He's heard it before: that they're too diffuse, scattering their attention on too many issues; that their positions are so nuanced it's hard for them to produce a clear message; that while they do plenty of good works, they are too modest to talk about the values that drive that work.

The rap is somewhat deserved, Edgar believes.

For decades, mainline churches and groups like the council "haven't been able to speak as relevantly, effectively and faithfully" to the broad religious middle in America as he would like, he says. Now he's in a position to do something about it.

Edgar, 61, is general secretary of the National Council of Churches (NCC), a 54-year-old umbrella organization of 36 Protestant denominations. He was in town this week for a Church Council of Greater Seattle benefit dinner.

Since taking over in 2000, Edgar, a United Methodist minister and former six-term congressman from Pennsylvania, has focused the group on a few top priorities. Chief among them is alleviating poverty, clarifying the council's message, and giving clergy the tools to compete with the religious right in getting their voices heard, uniting their members and reaching their goals.

"The NCC, like other parts of the ecumenical movement, has struggled in the last couple of decades to define its mission," said the Rev. Sanford Brown, director of Seattle's Church Council. "I think Bob is going in exactly the right direction."

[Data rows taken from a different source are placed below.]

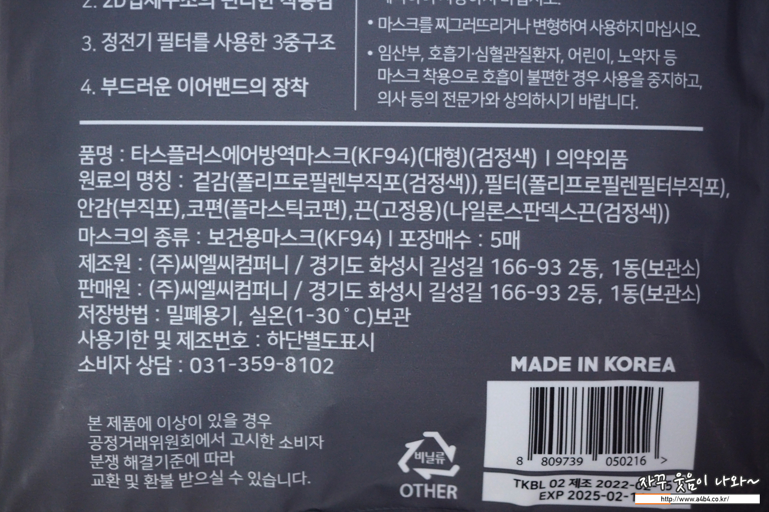 타스플러스 마스크 KF94 새부리형 블랙 사이즈 및 착용감 후기 by 주식회사 씨엘씨컴퍼니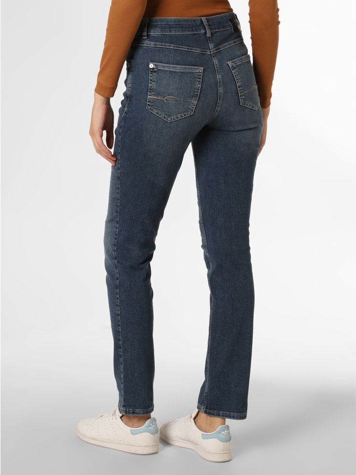 Визуально джинсы Melanie от MAC характеризуются классическим 5-карманным фасоном, а также завышенной талией и прямыми брючинами.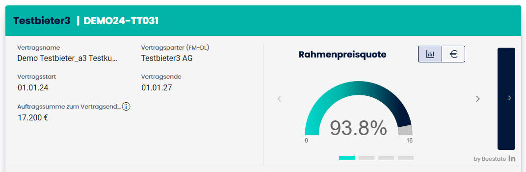 Direktzugriff (Navigation): Der markante Pfeil-Button rechts neben dem Karussell ist Ihr Sprungbrett in die Tiefe. Er führt Sie direkt zum Vertrags-Dashboard, von wo aus Sie das detaillierte Leistungsverzeichnis bearbeiten oder Dokumente im Dataroom verwalten können.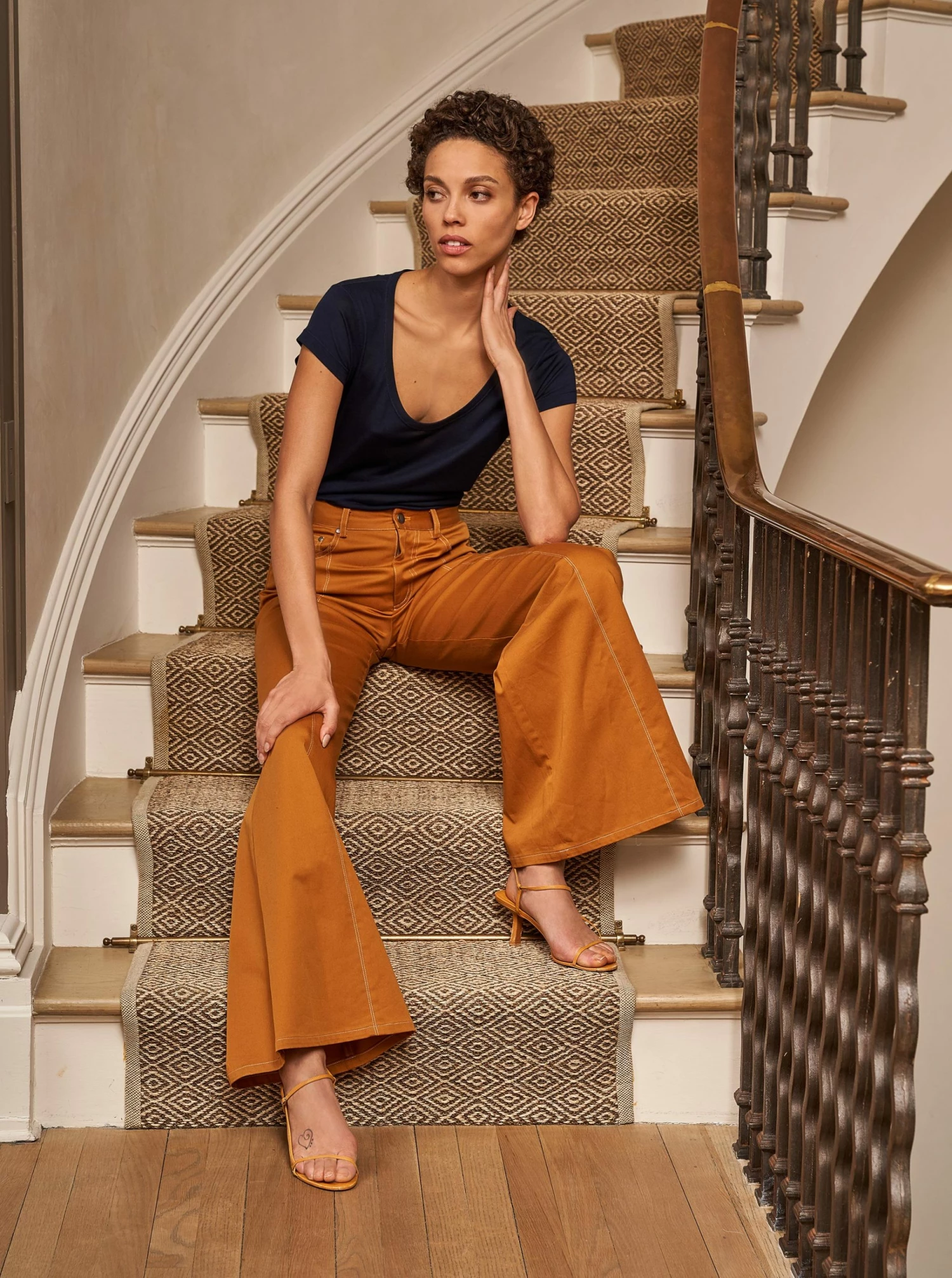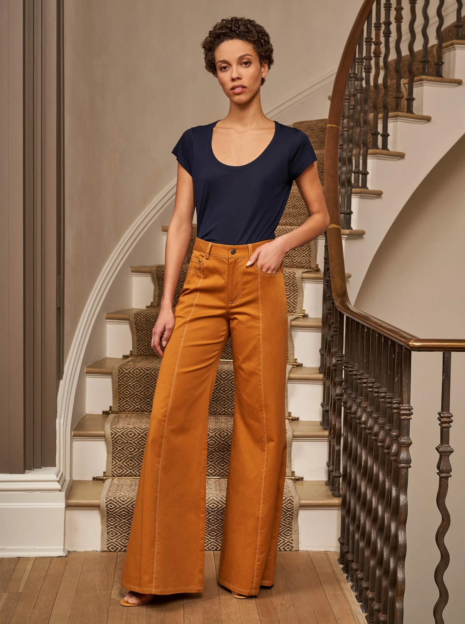 Our Jimmy Tee features a scoop neck and loose body in never-boring navy to go with your denim or feel free to dress it up with a wide leg trouser.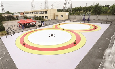 本次比赛设置在国网北京市电力公司检修分公司芦城实训基地,院子里的3架高压铁塔并不是供电设施,而是专门为学员实操训练设置的。“自主巡检”比赛就布置在高压塔下,一架小型无人机正在其中一架高压塔的塔尖上盘旋。这架无人机代替的就是过去背着电工包爬到高压塔上的巡检工,参赛选手操控无人机,按照设计的规划航线便可自主开展精细化巡检。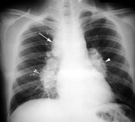 Arrowheads: Bilateral symmetrical hilar adenopathy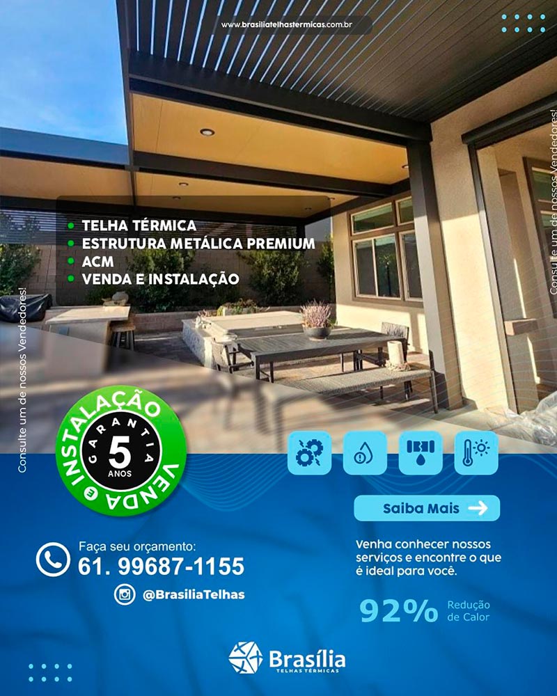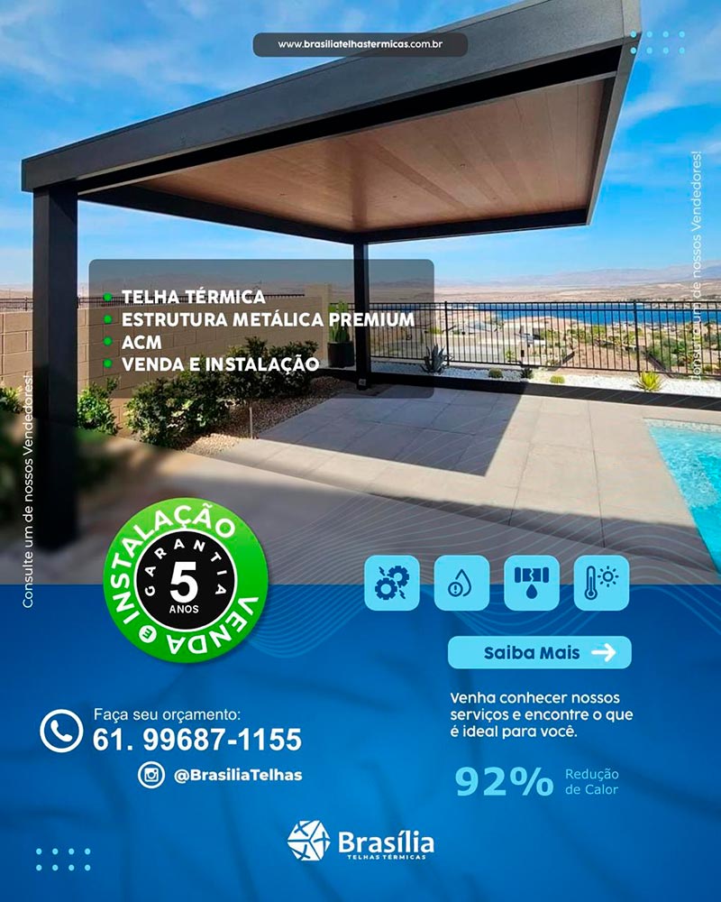 Se você está pensando em melhorar o isolamento térmico e acústico da sua construção ou quer garantir uma solução sustentável e duradoura para o seu projeto, entre em contato conosco agora mesmo. Nossa empresa de telhas térmicas em Brasília oferece soluções personalizadas para atender às suas necessidades específicas, desde pequenas reformas residenciais até grandes empreendimentos industriais e comerciais.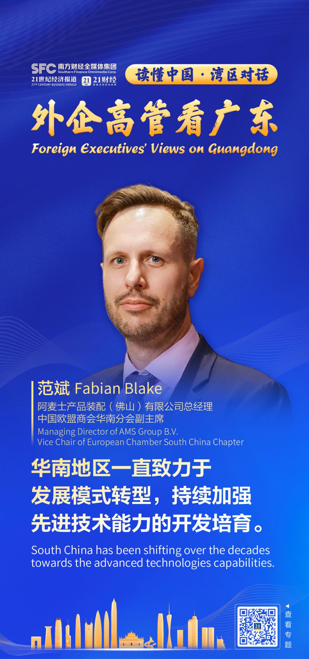 中国欧盟商会华南分会副主席Fabian Blake:华南地区一直致力于培育先进技术能力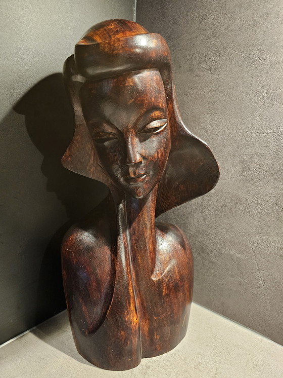 Descrizione: Splendida scultura modernista in legno raffigurante un busto femminile stilizzato con gli occhi chiusi. La scultura è intagliata a mano in legno massello (probabilmente mogano o noce) e presenta una patina marrone caldo e intenso.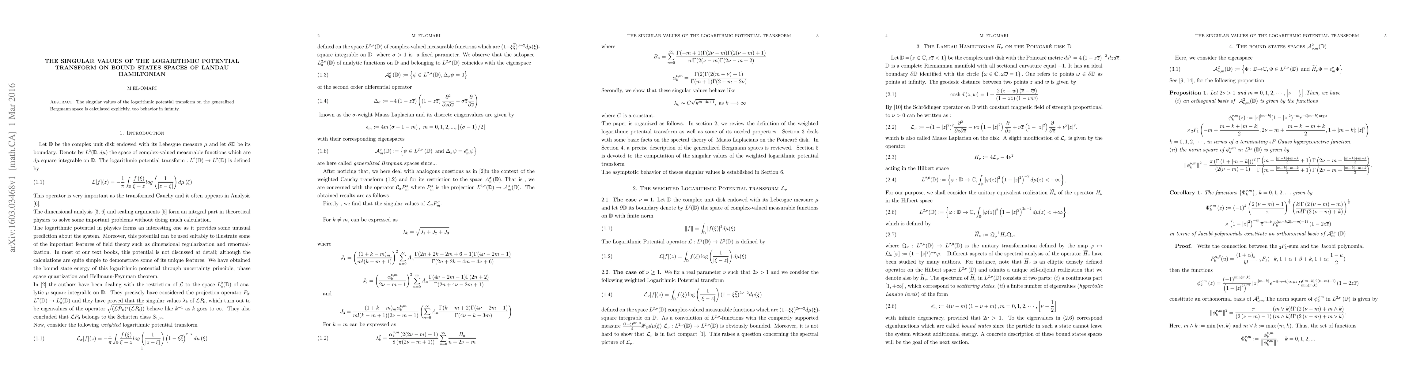 The singular values of the logarithmic potential transform on the generalized Bergmann space is calculated explicitly, too behavior in infinity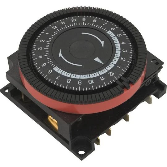 Diehl 24 hr spa time clock. Diehl 800 series electromechanical time clock TA4065 is a 240V, 15amp panel mount timer for bath, whirlpool, spa and hot tub controls (and other uses too!). 4 terminal tabs on the bottom on this SPST timer. Also available in 120V, see part number TA4071. Orange colored bezel behind timer dial.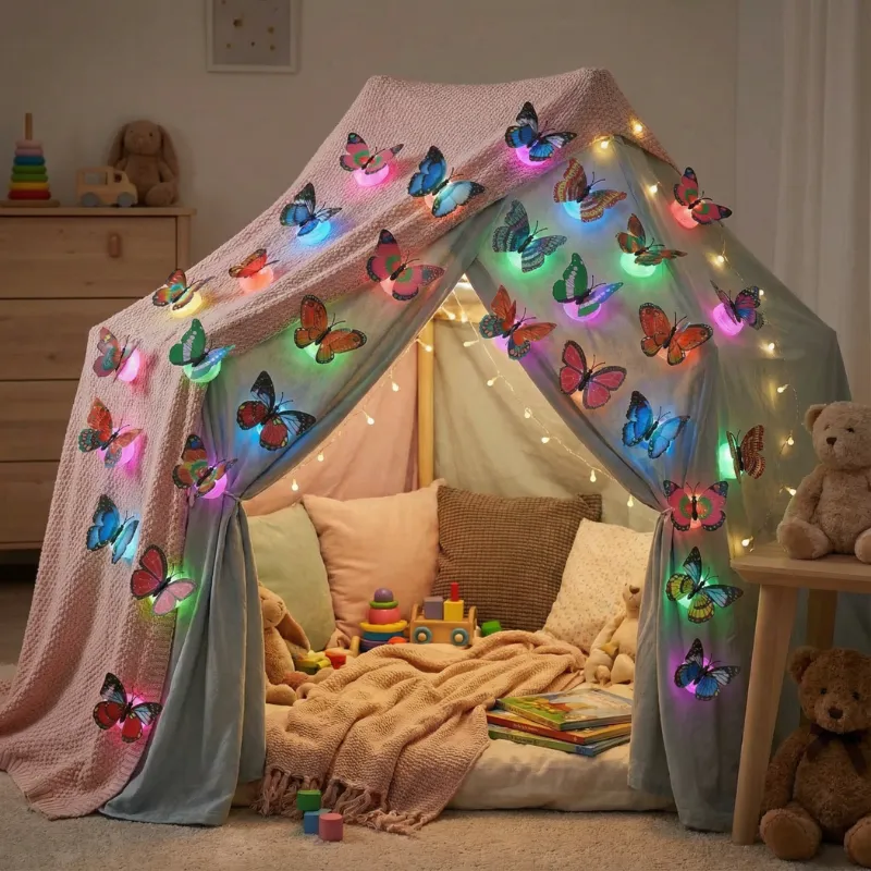 Decisamente un modo divertente per decorare. I miei gemelli amano fingere di vivere in una foresta piena di farfalle luminose ogni notte.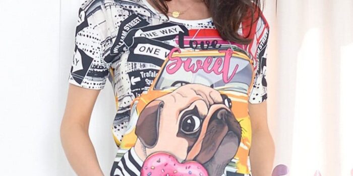 - Ținuta sportivă: un tricou de damă cu imprimeu poate fi purtat cu o pereche de pantaloni de trening sau colanți și pantofi sport pentru un look sportiv.

In the 1980s, during the rise of groups such as the Moral Majority, "we coasted," Edgar said. "We didn't think the religious right had much of a foothold. We kept preaching from the pulpits, and they kept preaching from television. They mastered the 30-second sound bite."

So Edgar's organization is providing media tools to clergy to get their message across. For instance, the NCC has started www.faithfulamerica.org as a way of gathering like-minded faithful online.

Edgar himself is no stranger to publicity. He made the news helping Elian Gonzalez's Cuban father and grandmothers in their international custody battle; getting arrested outside the Sudanese embassy in Washington, D.C., to draw attention to genocide in that country; and offering his views on the role religion played in the election.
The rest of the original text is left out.